Well, it didn’t happen. Throughout most of the district late absentees trended toward Dave Reichert, who gradually expanded his lead as votes were tallied.
In retrospect it seems clear that Burner’s momentum stalled around mid October, with the race breaking slightly toward Reichert during the final two weeks of the campaign. No doubt there were a number of factors responsible for Reichert’s victory, but many observers credit his sexist and demeaning “job interview” ad… and the Burner campaign’s failure to adequately respond.
Will 2008 be a replay?
Once again Burner closed sharply on Reichert, with several polls showing her with a small but significant lead by mid October. And once again the Reichert campaign has attempted to swing the race his way with a demeaning and dishonest ad.
No doubt the “Harvard Hoax” ad is effective; there is plenty of anecdotal evidence suggesting that many viewers come away believing that Burner never earned a degree from Harvard at all. But this time the Burner campaign has directly responded with an ad of its own, calling Reichert’s lies “pathetic”, and assuring voters that she did indeed graduate from Harvard.
But perhaps the real game changer this election season is the diminishing opportunity for a game changing ad at all, when viewed in the context of the unprecedented torrent of negative advertising that has flooded our airwaves in recent weeks… much of it courtesy of the $7 million the BIAW and RGA dumped into the governor’s race at the last minute.
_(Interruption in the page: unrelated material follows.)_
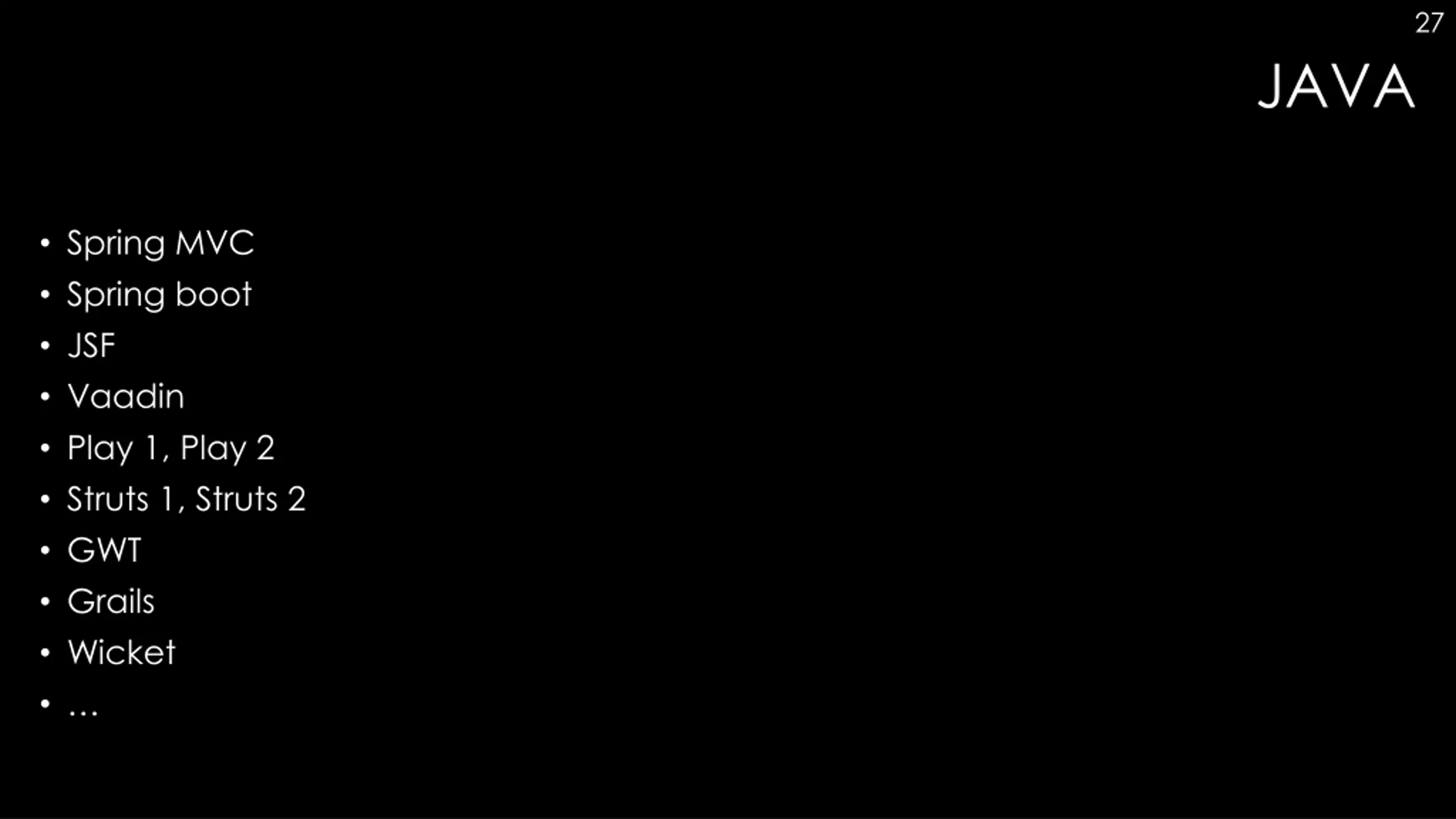 27 JAVA Spring MVC Spring boot JSF Vaadin Play 1, Play 2 Struts 1, Struts 2 GWT Grails Wicket

In the context of this tidal wave of negativity, the “Havard Hoax” ad comes across as just another ripple… just another attack ad lost in the deafening roar of a sea of attack ads. Add to that the general distraction of the presidential race, and it becomes harder and harder for any one political ad to make a difference. Even the NRCC’s predictably effective “she’s gonna raise your taxes” ads get lost in the noise of “she’s gonna raise your taxes” ads launched against Gov. Gregoire.
“Yeah, we know already…” the vast majority of voters must be screaming to themselves, “She’s a Democrat. She’s going to raise our taxes. We get it.” Who exactly “she” is, and in what race, well, what’s the difference?
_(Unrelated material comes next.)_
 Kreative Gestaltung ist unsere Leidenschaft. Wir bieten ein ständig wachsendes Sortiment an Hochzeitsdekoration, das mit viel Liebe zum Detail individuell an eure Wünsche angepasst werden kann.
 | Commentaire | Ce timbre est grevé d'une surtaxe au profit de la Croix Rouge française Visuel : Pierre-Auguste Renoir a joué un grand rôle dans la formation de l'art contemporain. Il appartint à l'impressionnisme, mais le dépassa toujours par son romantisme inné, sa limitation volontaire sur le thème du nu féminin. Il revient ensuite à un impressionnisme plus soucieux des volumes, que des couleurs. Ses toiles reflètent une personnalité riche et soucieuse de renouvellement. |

Compare that to the 2006 cycle, when the biggest race on the ticket, Cantwell vs. McGavick, had already effectively been over for weeks, and McGavick shifted toward softer ads to preserve his reputation. In that context the job interview ad could stand out. In 2008… well… not so much.
I’m not claiming victory or anything, or making any predictions, but I do think it reasonable to suppose that Reichert has faced a much greater challenge this year in his efforts to close out the campaign trashing Burner’s character and reputation. And for that, the BIAW and RGA’s seemingly bottomless warchest deserves at least some of the credit.